If this is the case, while the 9:1 ratio may be impressive, it may not be representative of the genuine feelings of the group, or may simply represent those in the voting group who feel confident enough in their understanding of MHC to cast a vote. In conceptual terms, 100% of the votes received may in actuality represent only 10% of all the votes possible. In this case, few could argue that 9% stated approval is “overwhelming.”

The arguments encapsulated in this article only brush the surface of a complex argument involving a universe of points and counterpoints. So far, only a handful of mutuals have converted, or announced plans to convert, to the MHC organization. Of these, most could be classified as mid-sized mutuals, with assets of $10 billion or less.

Perhaps the degree of controversy is best explained in looking at the largest mutual life insurers. Of these, only two, Principal Life and Pacific Life, have been able to run the gauntlet of consumers and regulators to be able to convert. Other well-known mutual insurers, such as Prudential, John Hancock, and Metropolitan Life, have apparently abandoned the prospect of successfully converting to MHC and have instead announced intentions to fully demutualize. One other notable, Northwestern Mutual Life, has publicly announced it will retain its mutual status, and although it is in the top five largest mutual life insurers currently, it may soon be the largest mutual life insurer by a sizable margin.

But as with any emotional issue, debate about the rationality of introducing MHC legislation is bound to continue well into the future, with its usual entourage of civil lawsuits accompanying it.
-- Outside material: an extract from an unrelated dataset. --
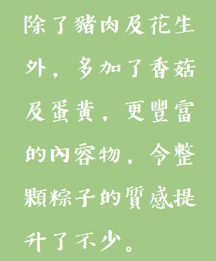 ? 成分:糯米、豬肉(臺(tái)灣)、大豆油、醬油、花生、鹹蛋黃、醬油膏[水、蔗糖、食鹽、轉(zhuǎn)化液糖(蔗糖、水)、酒精、乙醯化己二酸二澱粉、玉米糖膠、脫脂大豆(非基因改造)、小麥、焦糖色素、5'-次黃嘌呤核苷磷酸二鈉、5'-鳥嘌呤核苷磷酸二鈉、冰醋酸]、紅蔥頭、糖、香菇、蔥酥[蔥頭、棕櫚油、小麥麩皮、玉米澱粉(非基因改造)]、蝦皮、料理米酒、鹽、香菇高湯粉(L-麩酸鈉、鹽、麥芽糊精、胺基乙酸、5'-次黃嘌呤核苷磷酸二鈉、5'-鳥嘌呤核苷酸二鈉、DL-胺基丙酸、酵母抽出物、香菇抽出物、琥珀酸二鈉、關(guān)華豆膠、酵母粉 、醬油、玉米糖膠、棕櫚仁油、L-天門冬酸鈉、檸檬酸鈉、 二氧化矽、白菜抽出物 、水解大豆蛋白、香料、紅蘿蔔抽出物、糖、維生素E【抗氧化劑】)、白胡椒粉(白胡椒粒)、五香粉(肉桂、小茴香、胡荽、丁香、八角、香芹)

And similarly with any emotional issue, we can surely find fragments of truth in the arguments of both parties, while the whole truth continues to elude us. The future is typically the best indicator to determine whether MHC laws were successful. But as is usually the case with the future, by then it will likely be too late.

Matthew O. Hughes recently completed a secondment with the International Insurance Council (IIC), a Washington, DC trade association promoting free global insurance commerce. Prior to his appointment to the IIC, Mr Hughes accumulated over five years' experience with the international unit of a US life insurer with over $75 billion in assets under management, serving as a research analyst for Latin American and European expansion and support. Mr Hughes is also a Fellow of the Life Management Institute.

Note: The author presents many arguments for and against the concept of mutual holding company conversion. While the author does have personal views on the issue, the goal with this article is to present the prevailing public arguments. The reader should not attribute any of the comments above as the author's personal position, with the exception of the introduction and conclusion.